◆ Supplied records:

▼

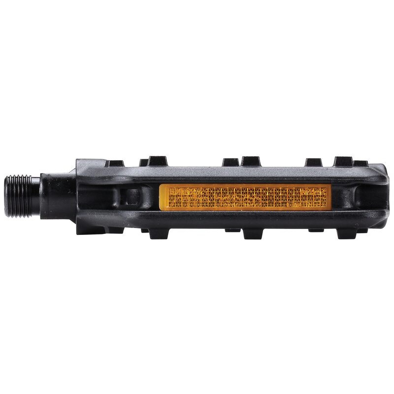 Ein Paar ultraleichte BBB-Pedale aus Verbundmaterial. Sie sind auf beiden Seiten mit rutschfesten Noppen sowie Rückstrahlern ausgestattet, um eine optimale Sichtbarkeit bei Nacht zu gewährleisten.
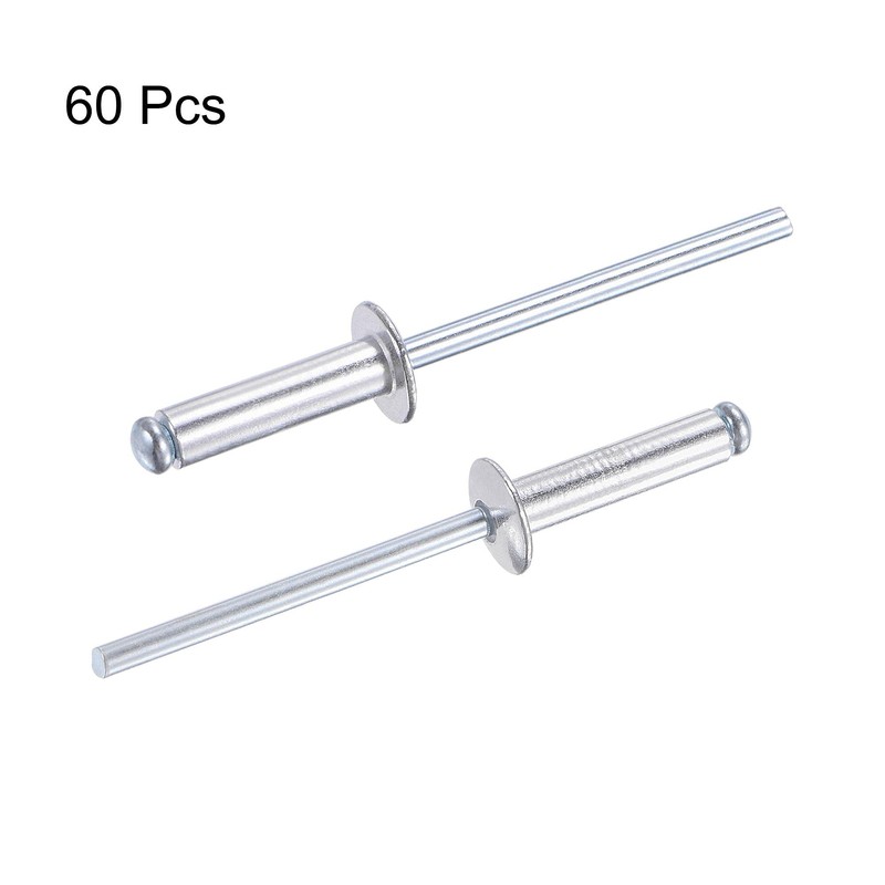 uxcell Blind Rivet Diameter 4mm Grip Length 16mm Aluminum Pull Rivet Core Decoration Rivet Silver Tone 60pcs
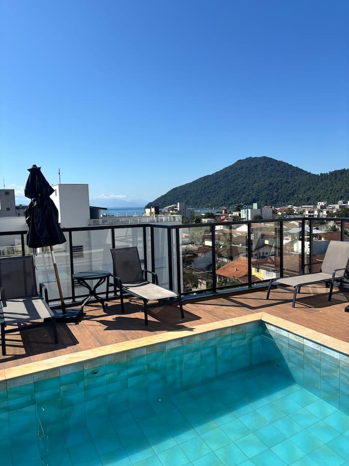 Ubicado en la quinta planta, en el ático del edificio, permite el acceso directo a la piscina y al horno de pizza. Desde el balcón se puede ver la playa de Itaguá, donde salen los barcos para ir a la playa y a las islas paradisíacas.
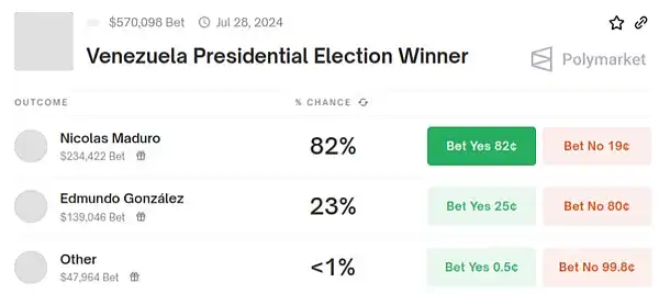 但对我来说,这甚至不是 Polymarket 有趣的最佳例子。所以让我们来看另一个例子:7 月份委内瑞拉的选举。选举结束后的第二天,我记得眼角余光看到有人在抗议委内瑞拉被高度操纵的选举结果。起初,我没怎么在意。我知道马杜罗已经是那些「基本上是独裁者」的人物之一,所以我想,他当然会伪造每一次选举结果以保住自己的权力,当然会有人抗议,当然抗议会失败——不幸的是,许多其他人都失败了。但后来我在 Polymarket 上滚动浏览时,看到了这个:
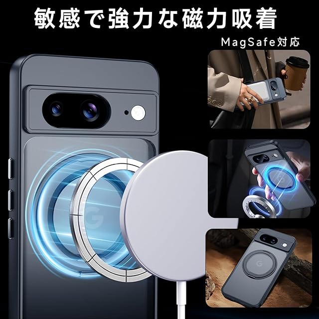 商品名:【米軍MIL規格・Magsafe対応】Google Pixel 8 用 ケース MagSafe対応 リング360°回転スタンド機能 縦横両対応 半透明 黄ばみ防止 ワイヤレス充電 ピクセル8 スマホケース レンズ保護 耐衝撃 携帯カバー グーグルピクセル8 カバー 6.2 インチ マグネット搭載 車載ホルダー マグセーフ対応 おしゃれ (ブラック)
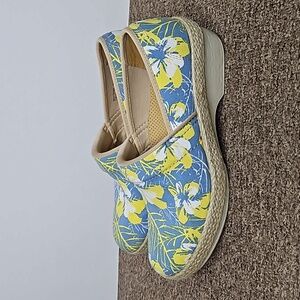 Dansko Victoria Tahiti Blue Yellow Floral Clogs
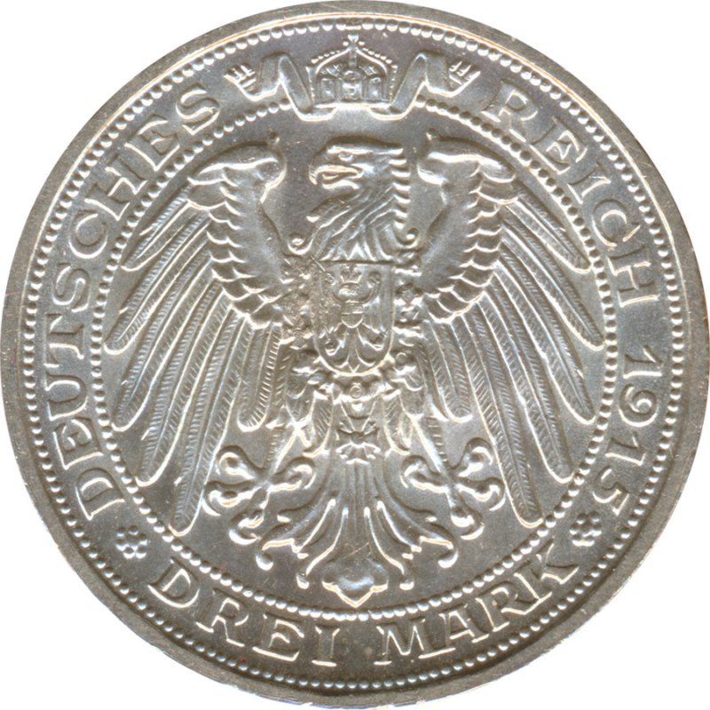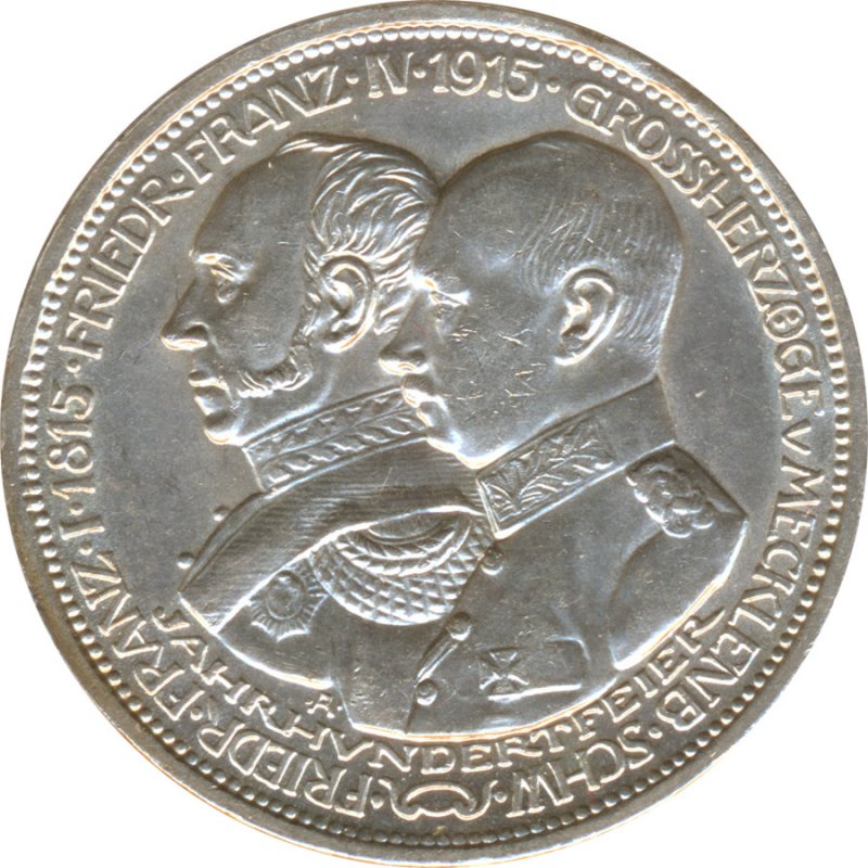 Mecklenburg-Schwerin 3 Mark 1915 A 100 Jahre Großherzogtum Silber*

▲

◆ Task goal:
Go back to the lines above and output, exactly as they stand, the ones from the line containing "uxcell Blind Rivet" to the line containing "Ubicado en la". Leave all pictures behind.

◆ Solution for this exercise:
 uxcell Blind Rivet Diameter 4mm Grip Length 16mm Aluminum Pull Rivet Core Decoration Rivet Silver Tone 60pcs
 Ubicado en la quinta planta, en el ático del edificio, permite el acceso directo a la piscina y al horno de pizza. Desde el balcón se puede ver la playa de Itaguá, donde salen los barcos para ir a la playa y a las islas paradisíacas.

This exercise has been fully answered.